> **PROBLEM DESCRIPTION**
From the listing that follows, reproduce only the lines from the one holding "Batido Fit de" through the one holding "Tavola armonica d'abete", both included, with no pictures.

> **SOURCE MATERIAL**
+ + +

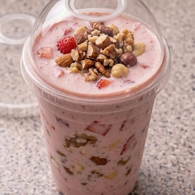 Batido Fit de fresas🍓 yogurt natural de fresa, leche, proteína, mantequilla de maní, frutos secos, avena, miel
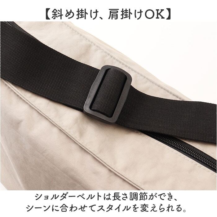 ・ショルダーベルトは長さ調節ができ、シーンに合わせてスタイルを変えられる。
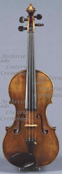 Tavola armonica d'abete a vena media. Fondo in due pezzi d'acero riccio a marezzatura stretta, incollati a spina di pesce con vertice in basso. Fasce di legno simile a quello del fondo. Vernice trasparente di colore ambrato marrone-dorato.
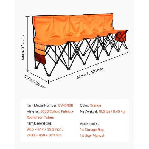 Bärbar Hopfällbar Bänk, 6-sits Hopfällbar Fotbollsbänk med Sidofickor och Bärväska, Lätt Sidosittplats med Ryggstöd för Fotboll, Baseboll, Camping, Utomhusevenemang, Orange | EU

+ + +

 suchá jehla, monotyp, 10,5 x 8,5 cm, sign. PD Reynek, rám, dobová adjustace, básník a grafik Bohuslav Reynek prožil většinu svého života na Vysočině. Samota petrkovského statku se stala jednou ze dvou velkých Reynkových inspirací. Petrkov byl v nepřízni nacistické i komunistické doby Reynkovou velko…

+ + +

> **REPLY TO THE TASK**
 Batido Fit de fresas🍓 yogurt natural de fresa, leche, proteína, mantequilla de maní, frutos secos, avena, miel
 ・ショルダーベルトは長さ調節ができ、シーンに合わせてスタイルを変えられる。
 Tavola armonica d'abete a vena media. Fondo in due pezzi d'acero riccio a marezzatura stretta, incollati a spina di pesce con vertice in basso. Fasce di legno simile a quello del fondo. Vernice trasparente di colore ambrato marrone-dorato.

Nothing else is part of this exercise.